An analysis of the revelation shows a hierarchy in the sorts of statements the Lord makes. He offers explanations and instructions and to teach us, gives imperative statements telling us what we must to, and issues direct commandments. Commandments are, of course, the most forceful statements, carrying an additional weight of condemnation for those who do not obey.
The balance between statement types in this revelation indicates the Lord’s preference to teach, instruct, inform, and correct—rather than command and condemn. As he stated:
I have given to you my doctrine, and have also revealed teachings, commandments, precepts, and principles to guide you, and it is not meet that I command you in all things — reason together and apply what I have given you, and it will be enough. (T&C 157:45)
Let’s examine our Lord’s words, grouped by types of statements.
Here are some of the imperative statements the Lord made, directly telling us what we must do, and often coupled with a principle to be understood.
- Repent, therefore, like Peter and end your unkind and untrue accusations against one another, and make peace
- Each of you must equally walk truly in my path, not only to profess, but also to do as you profess
- All must come unto me or they cannot be saved
- But remember that without the fruit of repentance, and a broken heart and a contrite spirit, you cannot keep my covenant; for I, your Lord, am meek and lowly of heart.
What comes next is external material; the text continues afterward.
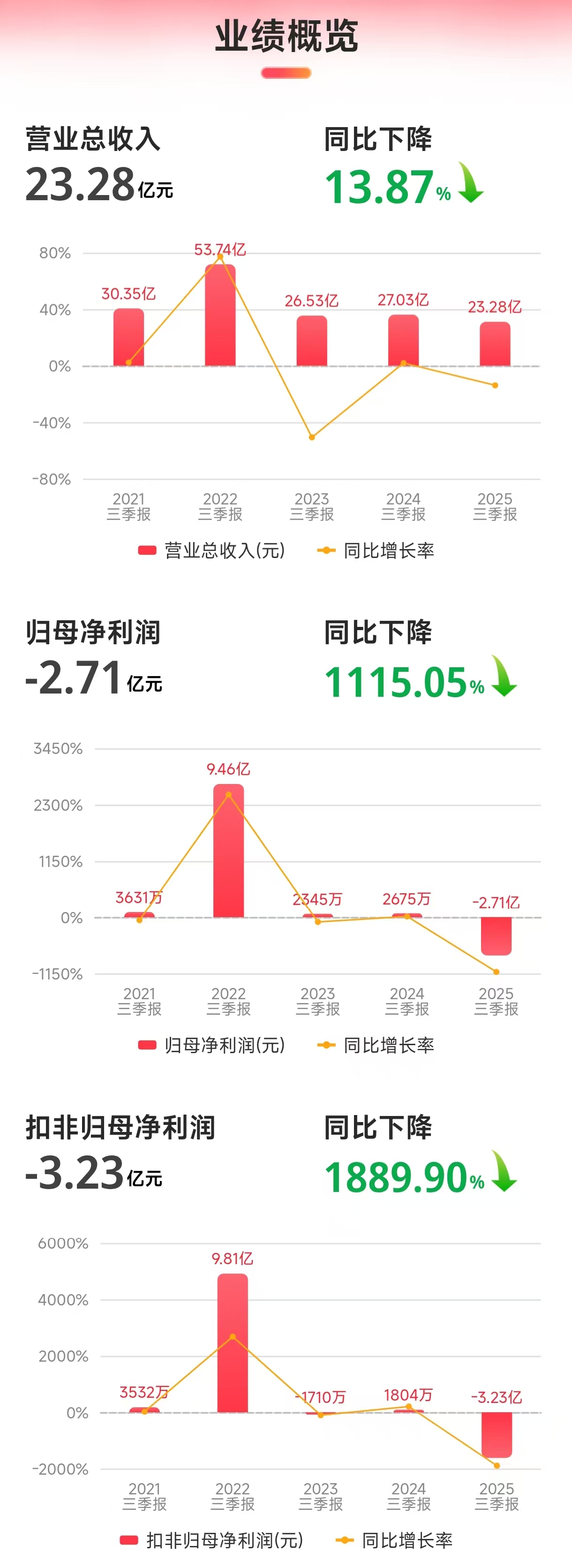 新华日报财经讯 10月28日晚间,A股上市公司红太阳(000525.SZ)披露2025年三季报。报告显示,公司前三季度实现营业总收入23.28亿元,同比下降13.87%;归属于上市公司股东的净利润为-2.72亿元,与上年同期盈利2674.75万元相比,由盈转亏,同比大幅下降1115.05%;扣除非经常性损益的净利润为-3.23亿元,同比下降1889.90%。公司的综合毛利率为7.41%,较上年同期下降18.06个百分点;加权平均净资产收益率为-9.64%。值得注意的是,公司在2025年第一季度实现盈利后,于第二季度出现大幅亏损,导致上半年整体亏损2.08亿元。第三季度单季,公司归母净利润再次亏损6306万元。

Be like me.
- Forgive one another. Be tender with one another, pursue judgment, bless the oppressed, care for the orphan, and uplift the widow in her need for I have redeemed you from being orphaned and taken you that you are no longer a widowed people. Rejoice in me, and rejoice with your brethren and sisters who are mine also. Be one.
- I descended below it all, and know the sorrows of you all, and have borne the grief of it all and I say to you, Do my works and you will know my doctrine
- Flee from the cares and longings that belong to Babylon, obtain a new heart
- Let not your hearts remain divided from one another and divided from me
- Be of one heart, and regard one another with charity. Measure your words before giving voice to them, and consider the hearts of others
- Study to learn how to respect your brothers and sisters and to come together by precept, reason and persuasion rather than sharply disputing and wrongly condemning each other, causing anger. Take care how you invoke my name
- Pray together in humility and together meekly present your dispute to me, and if you are contrite before me I will tell you my part
- Do not murmur saying, Too much has been required at our hands in too short a time
- Receive my covenant and abide in it
- But again I say, Judge not others except by the rule you want used to weigh yourself
- Let your pride, and your envy, and your fears depart from you
- Cry peace. Proclaim my words. Invite those who will repent to be baptized and forgiven, and they shall obtain my Spirit to guide them. The time is short and I come quickly, therefore open your mouths and warn others to flee the wrath which is to come as men in anger destroy one another
- Be comforted, be of good cheer, rejoice, and look up
- Teach your children to honor me
- Seek to recover the lost sheep remnant of this land and of Israel and no longer forsake them. Bring them unto me and teach them of my ways, to walk in them
- Labor with me and do not forsake my covenant to perform it
- Study my words and let them be the standard for your faith
- Love one another
Wow, that’s quite a list, but I find it absolutely beautiful. Our Lord, who is meek and lowly of heart, uses persuasion and kindness to instruct us, hoping we will deduce correct behavior on our own. He avoids harsh commandments, choosing instead to plead and teach.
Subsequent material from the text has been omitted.